### Problem details
Report every line of the listing below in which the string "Şekil" appears.

### Records for the exercise

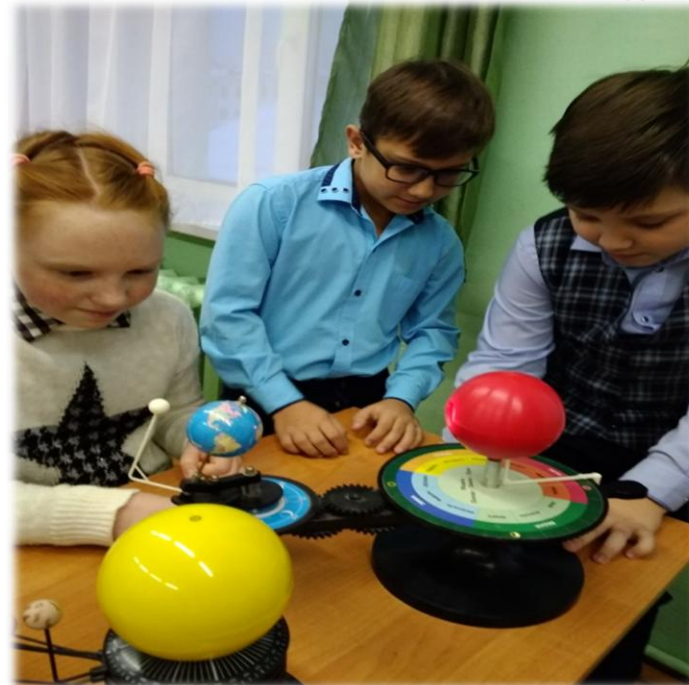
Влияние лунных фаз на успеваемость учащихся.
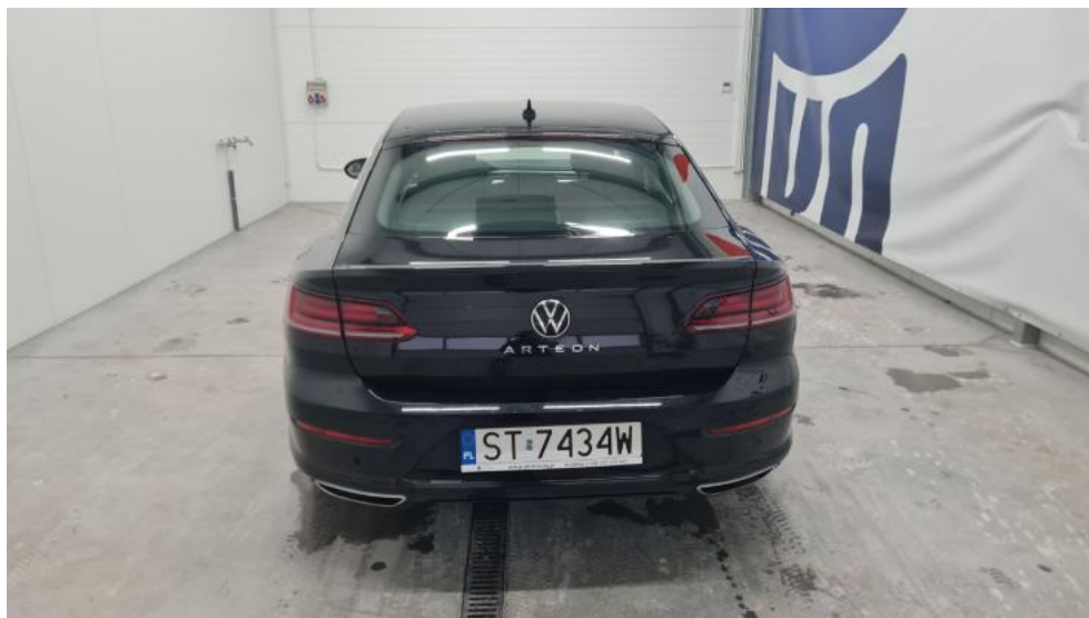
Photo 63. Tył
* * *
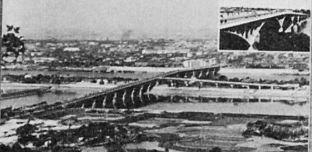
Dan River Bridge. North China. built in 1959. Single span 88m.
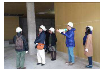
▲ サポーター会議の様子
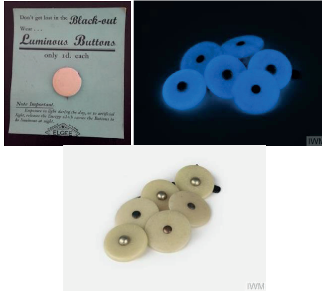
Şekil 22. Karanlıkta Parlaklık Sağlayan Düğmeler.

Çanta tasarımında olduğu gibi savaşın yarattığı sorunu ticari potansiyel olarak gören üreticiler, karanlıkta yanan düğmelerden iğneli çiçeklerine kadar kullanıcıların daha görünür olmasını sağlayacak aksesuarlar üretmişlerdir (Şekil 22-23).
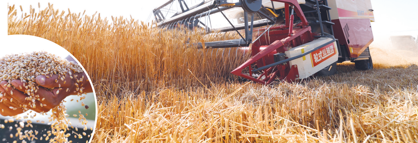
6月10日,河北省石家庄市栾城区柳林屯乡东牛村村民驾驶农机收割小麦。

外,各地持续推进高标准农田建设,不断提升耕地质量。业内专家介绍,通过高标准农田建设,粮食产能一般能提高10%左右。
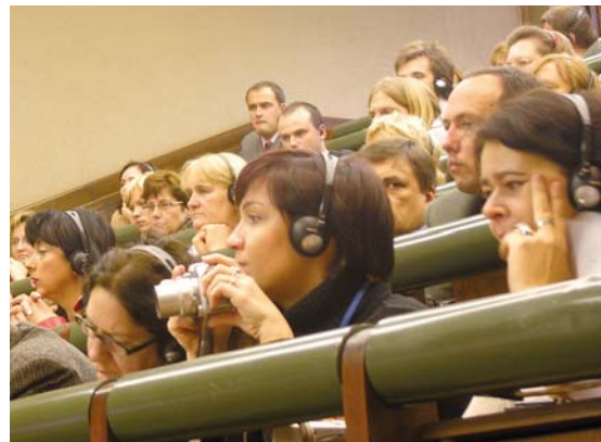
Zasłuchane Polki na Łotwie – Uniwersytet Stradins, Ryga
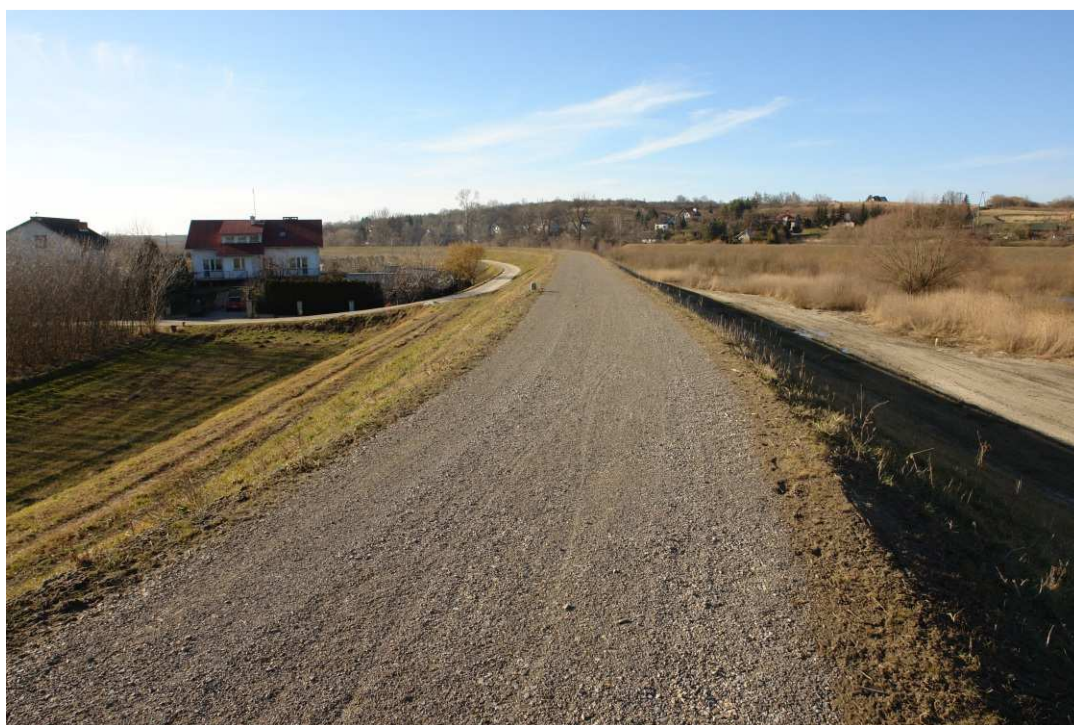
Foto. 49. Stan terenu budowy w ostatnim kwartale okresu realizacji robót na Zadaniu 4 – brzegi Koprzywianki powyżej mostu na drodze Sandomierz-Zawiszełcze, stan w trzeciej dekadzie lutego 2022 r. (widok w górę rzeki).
---
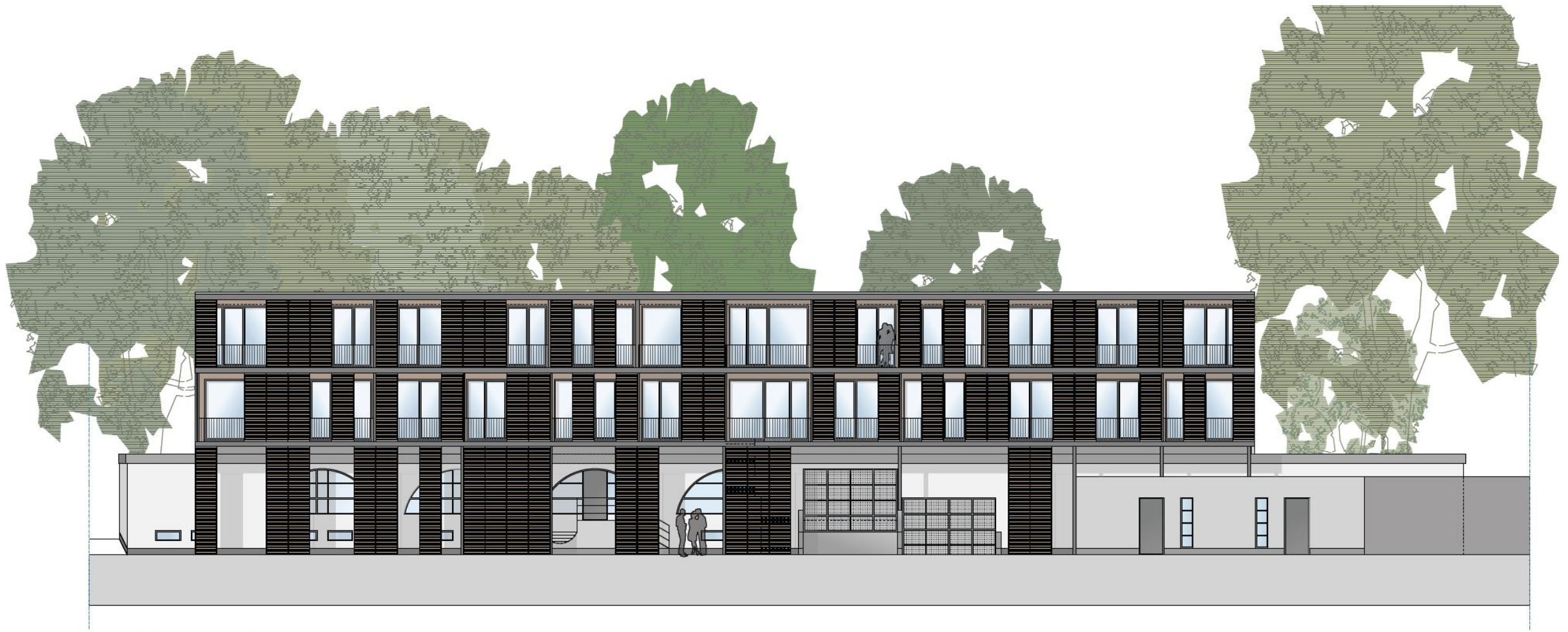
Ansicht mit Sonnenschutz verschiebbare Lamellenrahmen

### Answer box
Şekil 22. Karanlıkta Parlaklık Sağlayan Düğmeler.
Çanta tasarımında olduğu gibi savaşın yarattığı sorunu ticari potansiyel olarak gören üreticiler, karanlıkta yanan düğmelerden iğneli çiçeklerine kadar kullanıcıların daha görünür olmasını sağlayacak aksesuarlar üretmişlerdir (Şekil 22-23).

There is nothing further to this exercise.